Divorce among older couples is on the rise even though the rate overall is dropping. Some older Texas couples may have accumulated a substantial amount of money in retirement accounts, and this may need to be divided in a divorce.

Certain types of accounts, such as 401(k)s, can only be divided if a document known as a qualified domestic relations order has been prepared. An IRA does not need a QDRO, and dividing one can be fairly straightforward. However, it has the potential to get more complicated if a person has begun taking 72(t) distributions before reaching the age of 59 1/2. Under a limited set of circumstances, these types of distributions are permitted prior to retirement age without incurring a 10% penalty. However, according to regulations, if the account is modified in any way, this penalty kicks in and becomes retroactive for all distributions. The problem is that while it appears to be a modification based on IRS regulations, when individuals have sought clarification using a private letter ruling, this has not been the case.

PLRs are not meant to apply to anyone but the individual, but seeking a PLR is not practical for everyone since it is time-consuming and costly. People in this situation may want to seek the advice of a financial professional.
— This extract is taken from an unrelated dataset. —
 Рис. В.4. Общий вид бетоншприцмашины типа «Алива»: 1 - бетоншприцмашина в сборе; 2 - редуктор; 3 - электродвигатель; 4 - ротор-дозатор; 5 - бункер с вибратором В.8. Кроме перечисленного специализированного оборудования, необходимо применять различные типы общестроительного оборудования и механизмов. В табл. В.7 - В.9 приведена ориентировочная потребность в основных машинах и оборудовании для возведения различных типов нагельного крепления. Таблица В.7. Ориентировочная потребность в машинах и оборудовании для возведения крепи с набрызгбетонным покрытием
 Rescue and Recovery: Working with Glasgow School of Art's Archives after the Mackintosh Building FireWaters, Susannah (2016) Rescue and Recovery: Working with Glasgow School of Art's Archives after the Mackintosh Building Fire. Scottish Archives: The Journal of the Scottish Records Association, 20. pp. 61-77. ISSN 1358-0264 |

There can be other complexities that arise in the process of dividing property in a high net worth divorce. Since Texas is a community property state, all marital property is supposed to be divided equally. This can mean that if one person owns a business, the other person might be owed one-half of the value of the company’s appreciation since the marriage. Some couples might agree that each of them will keep assets of a similar value instead of trying to divide all properties 50/50.